Work to complete = The records that follow must be repeated exactly, except for their pictures.
───
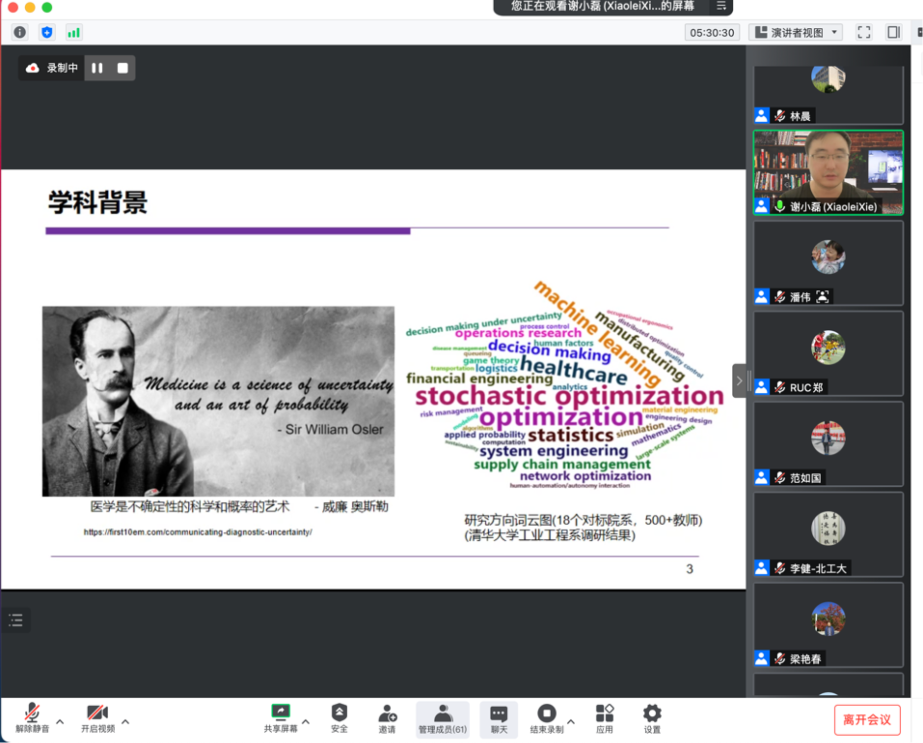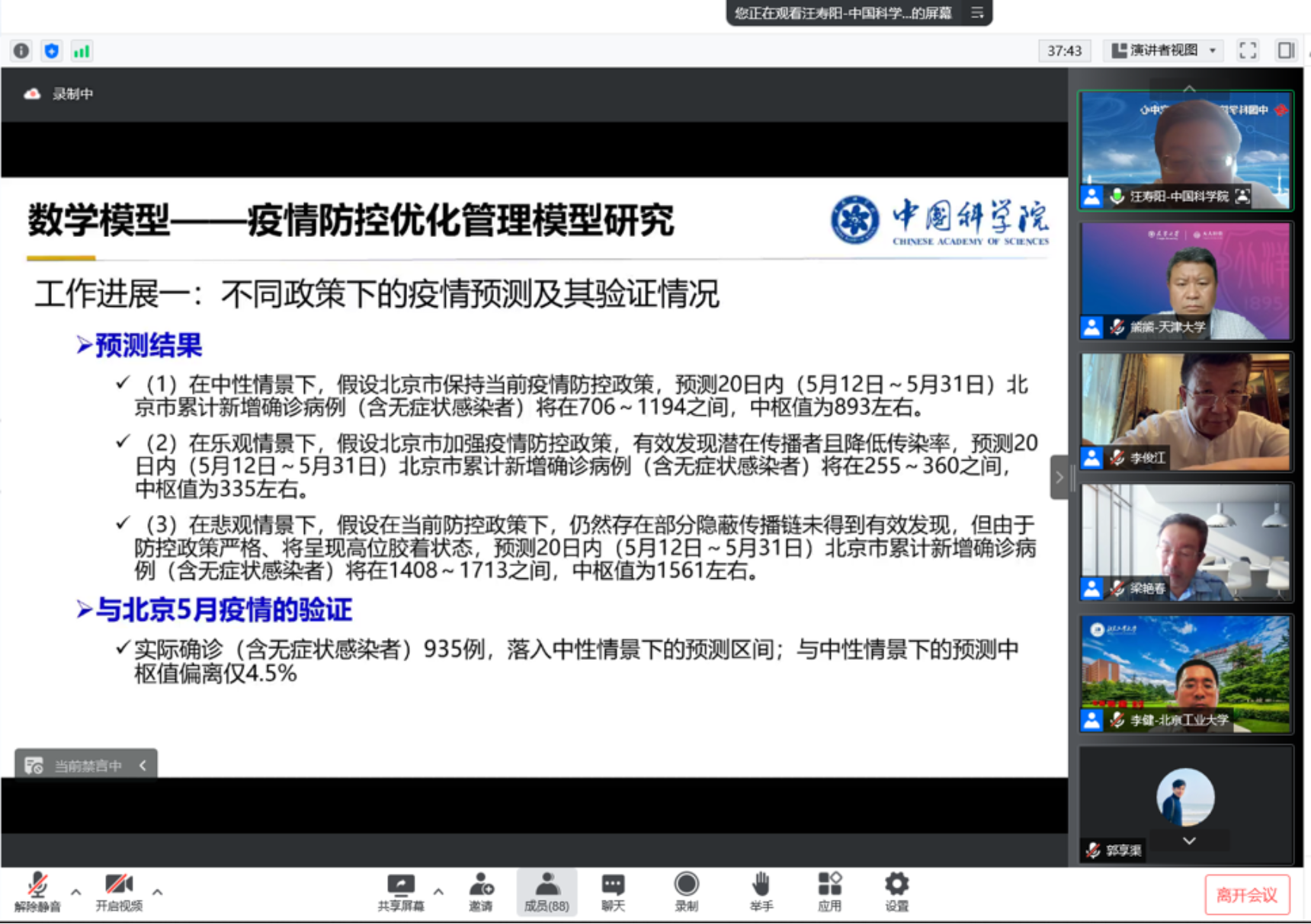 会议共邀请了16位领域专家进行了系列报告,其中特邀报告嘉宾中国科公司预测科学研究中心主任汪寿阳院士、中国科公司大学经管公司刘颖副教授、武汉大学经济与管理公司范如国教授、电子科技大学邹权教授、太阳成集团tyc刘硕杨副教授围绕新冠疫情防控和应急医疗相关内容作相应报告;澳门科技大学药公司经理朱依谆教授、清华大学自动化系汪小我教授、天津大学管理与经济学部熊熊教授、复旦大学类脑智能科学与技术研究院赵兴明教授、中南大学计算机公司李敏教授针对健康诊疗过程中的计算机应用和人工智能算法分析领域问题作相应报告;太阳成集团tyc官网科研处处长林晨教授、清华大学工业工程系谢小磊副教授、北京工业大学区块链研究中心主任李健教授、西安交通大学管理公司刘汕教授、太阳成集团tyc刘逸楠助理教授、中国民航科学技术研究院胡金硕副研究员针对健康产业数字化转型等热点交叉问题作相应报告,会议的研讨过程对于推动健康产业数字化和智能化起到了极大的积极作用。
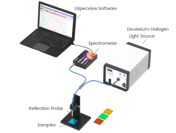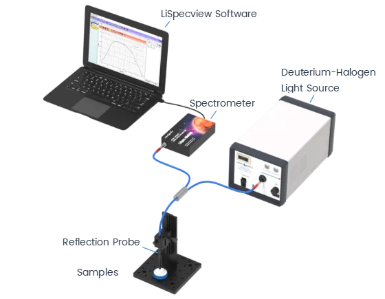 With the booming industrial development, the quality control of the material characteristics has become increasingly strict. The technology of rapid and accurate transmission/reflection spectral measurements using fiber optic spectrometers is becoming more mature. Transmission/reflection spectral measurement is a basic method of spectral measurement, typically requiring equipment such as a spectrometer, light source, optical fiber, measurement stand, standard reference samples, and measurement software. To obtain better spectral data from different types of samples, these two basic modes may evolve into many more forms. Fiber optic spectrometers use optical fiber paths, overcoming the limitations of optical paths in instrument integration. LiSen Optics' fiber optic spectrometers are characterized by their small size, high stability, support for secondary software development, and a rich array of accessories, and have been successfully applied in the testing of industries such as glass and polymer materials. LiSen Optics provides users with spectral measurement equipment centered around spectrometers, and with these richly configured devices, various common spectral measurement systems can be easily set up.
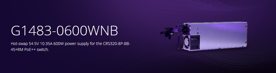 Mikrotik G1483-0600WNB is a 600W hot-swap power supply for the CRS320-8P-8B-4S+RM PoE++ switch, providing 54.5V, 10.35A power. Ideal for mission-critical networks requiring reliable, uninterrupted power delivery with PoE++ support.
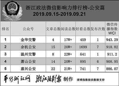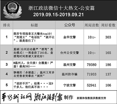 恭喜“金华交警”“余杭公安”“温州交警”,分别拿下前三名。热文榜中,有两篇热文阅读数都超过10w+,分别是“金华交警”的《我市专项违章王大曝光top10!“变道王”“电话狂”“就不让”,就是您仨了!》、“台州公安交警”的《重磅|台州启动最严“酒驾”查处模式!一周查获了283名,查酒驾时间表请大家收好!》。
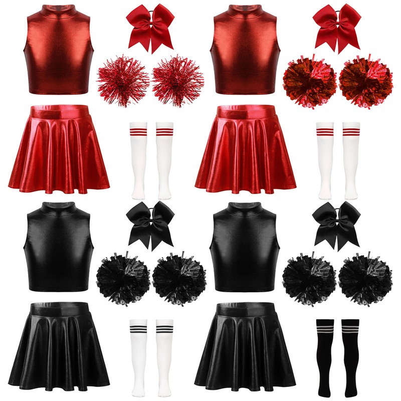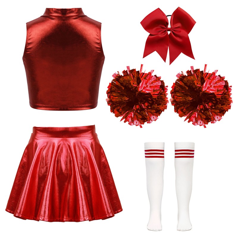 Kids Girls Cheerleading Dance Outfit Bowknot Headwear Crop Top With Skirt Soft
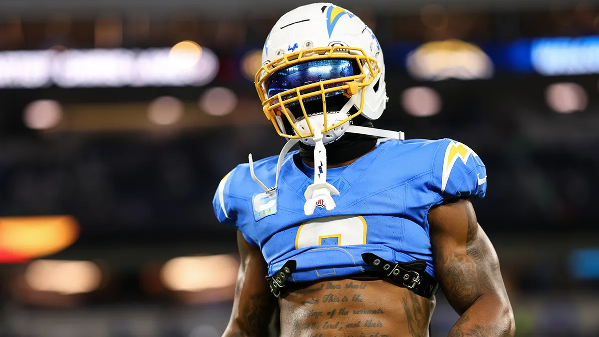 Denzel Perryman, do Los Angeles Chargers, se aquece antes do jogo contra o Philadelphia Eagles no SoFi Stadium em 8 de dezembro de 2025 em Inglewood, Califórnia. (Brooke Sutton/Imagens Getty)
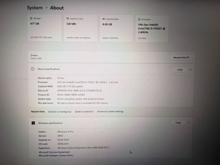 LAPTOP - DELL Vostro 3500 i5 - 8gb 512 SSD , 15,6 " - odlično stanje
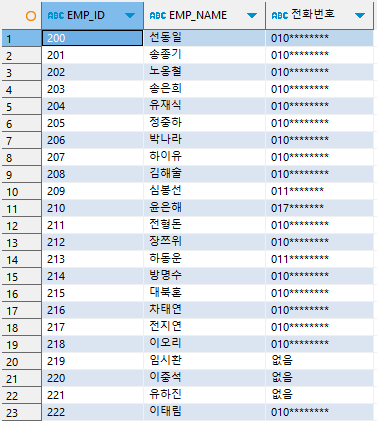 전화 번호가 없으면 '없음' / 전화 번호가 있으면 '010********' 형식으로 변경해서 조회
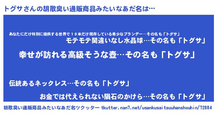 | ヘコむあだ名 | 『つくし』『トグもー』『トグぷりん』 |
───
Expected answer =
 会议共邀请了16位领域专家进行了系列报告,其中特邀报告嘉宾中国科公司预测科学研究中心主任汪寿阳院士、中国科公司大学经管公司刘颖副教授、武汉大学经济与管理公司范如国教授、电子科技大学邹权教授、太阳成集团tyc刘硕杨副教授围绕新冠疫情防控和应急医疗相关内容作相应报告;澳门科技大学药公司经理朱依谆教授、清华大学自动化系汪小我教授、天津大学管理与经济学部熊熊教授、复旦大学类脑智能科学与技术研究院赵兴明教授、中南大学计算机公司李敏教授针对健康诊疗过程中的计算机应用和人工智能算法分析领域问题作相应报告;太阳成集团tyc官网科研处处长林晨教授、清华大学工业工程系谢小磊副教授、北京工业大学区块链研究中心主任李健教授、西安交通大学管理公司刘汕教授、太阳成集团tyc刘逸楠助理教授、中国民航科学技术研究院胡金硕副研究员针对健康产业数字化转型等热点交叉问题作相应报告,会议的研讨过程对于推动健康产业数字化和智能化起到了极大的积极作用。
 With the booming industrial development, the quality control of the material characteristics has become increasingly strict. The technology of rapid and accurate transmission/reflection spectral measurements using fiber optic spectrometers is becoming more mature. Transmission/reflection spectral measurement is a basic method of spectral measurement, typically requiring equipment such as a spectrometer, light source, optical fiber, measurement stand, standard reference samples, and measurement software. To obtain better spectral data from different types of samples, these two basic modes may evolve into many more forms. Fiber optic spectrometers use optical fiber paths, overcoming the limitations of optical paths in instrument integration. LiSen Optics' fiber optic spectrometers are characterized by their small size, high stability, support for secondary software development, and a rich array of accessories, and have been successfully applied in the testing of industries such as glass and polymer materials. LiSen Optics provides users with spectral measurement equipment centered around spectrometers, and with these richly configured devices, various common spectral measurement systems can be easily set up.
 Mikrotik G1483-0600WNB is a 600W hot-swap power supply for the CRS320-8P-8B-4S+RM PoE++ switch, providing 54.5V, 10.35A power. Ideal for mission-critical networks requiring reliable, uninterrupted power delivery with PoE++ support.
 恭喜“金华交警”“余杭公安”“温州交警”,分别拿下前三名。热文榜中,有两篇热文阅读数都超过10w+,分别是“金华交警”的《我市专项违章王大曝光top10!“变道王”“电话狂”“就不让”,就是您仨了!》、“台州公安交警”的《重磅|台州启动最严“酒驾”查处模式!一周查获了283名,查酒驾时间表请大家收好!》。
 Kids Girls Cheerleading Dance Outfit Bowknot Headwear Crop Top With Skirt Soft
 Denzel Perryman, do Los Angeles Chargers, se aquece antes do jogo contra o Philadelphia Eagles no SoFi Stadium em 8 de dezembro de 2025 em Inglewood, Califórnia. (Brooke Sutton/Imagens Getty)
 LAPTOP - DELL Vostro 3500 i5 - 8gb 512 SSD , 15,6 " - odlično stanje
 전화 번호가 없으면 '없음' / 전화 번호가 있으면 '010********' 형식으로 변경해서 조회
 | ヘコむあだ名 | 『つくし』『トグもー』『トグぷりん』 |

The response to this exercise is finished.